If a model trained on (h(X)) outperforms a model trained on (X), is that because translation truly helps downstream learning, or because it only provides a temporary advantage in the low-label regime?

TRACE addresses this by analyzing paired learning curves across label budgets, rather than relying on a single benchmark AUC.


Why TRACE is here now?

Timing of TRACE's development is tied to an emerging innovation in molecular data analytics. Translated molecular intermediates like MISO and GigaTime are emerging as a potentially game changing computational primitive for biomarker modeling. TRACE is built for studying this setting: when a downstream target (Y) may be better predicted indirectly through a translated representation (h(X)) derived from (X) vs. directly from it's original deployable representation (X).

In this view, a biomarker pipeline is organized as

Many biomarker pipelines now follow the pattern

deployable representation X  ->  translator  ->  translated representation h(X)

Examples include:

Deployable representation (X) Translated representation (h(X))
H&E slide embeddings predicted gene expression
H&E embeddings predicted proteomics
H&E embeddings predicted immune signatures
morphology features predicted pathway activity
pathology foundation-model tokens cross-modal biological embeddings

Researchers often observe

$$ \mathrm{model}(h(X)) > \mathrm{model}(X), $$

but that single comparison is not enough.

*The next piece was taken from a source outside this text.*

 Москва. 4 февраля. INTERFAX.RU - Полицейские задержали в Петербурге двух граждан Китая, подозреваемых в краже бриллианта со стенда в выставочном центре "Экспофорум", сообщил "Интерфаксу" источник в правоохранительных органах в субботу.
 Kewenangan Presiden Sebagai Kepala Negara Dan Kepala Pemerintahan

A higher AUC from (h(X)) does not by itself tell you whether:

  • translation provides a genuine practical advantage;
  • the gain is mainly a finite-sample learnability effect;
  • direct prediction from (X) will catch up once more labels are available;
  • or the apparent gain reflects confounding, shortcut structure, or evaluation artifacts.

TRACE is built to distinguish those cases.

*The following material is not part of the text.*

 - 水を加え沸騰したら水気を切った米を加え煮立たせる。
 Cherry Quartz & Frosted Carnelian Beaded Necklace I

Core idea: advantage as a function of label budget

TRACE treats predictive performance as a function of training size.

$$ A_X(n) \equiv \mathrm{AUC}_n(X), \qquad A_H(n) \equiv \mathrm{AUC}_n(h(X)), $$

where (X) is the original deployable representation, (h(X)) is the translated representation, and (n) is the number of labeled training samples.

TRACE computes the Advantage Representation Curve (ARC)

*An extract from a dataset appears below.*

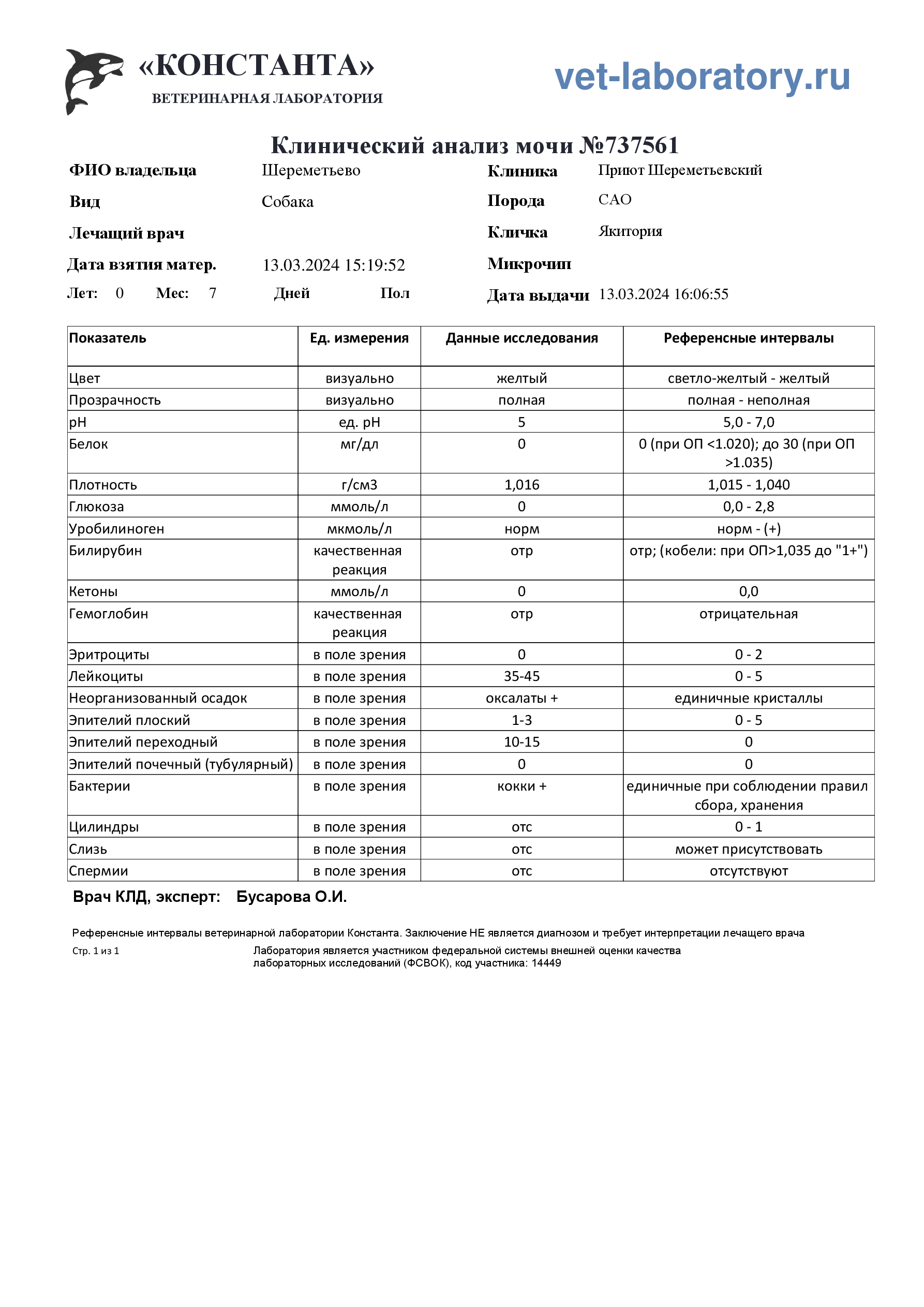 Клинический анализ мочи (737561)

$$ \mathrm{ARC}(n) = A_H(n) - A_X(n). $$

ARC is the expected generalization performance gap, indexed by label budget, between models trained on (h(X)) and models trained on (X).

The key point is that the shape of ARC across (n) is often more informative than any single endpoint metric.


What TRACE tells you

TRACE uses four canonical ARC geometries as a compact diagnostic vocabulary:

ARC pattern Interpretation Suggested action
positive at small (n), decaying toward zero translation mainly improves sample efficiency collect more labels if feasible
positive across the studied range translated representation retains practical value improve or exploit the translated representation
near zero throughout translation adds little downstream value prefer direct learning on (X)
negative throughout, or sign-reversing unfavorably translation is lossy or distorting avoid translated representation for this task

These are empirical reference regimes, not rigid bins. Real studies may lie between them.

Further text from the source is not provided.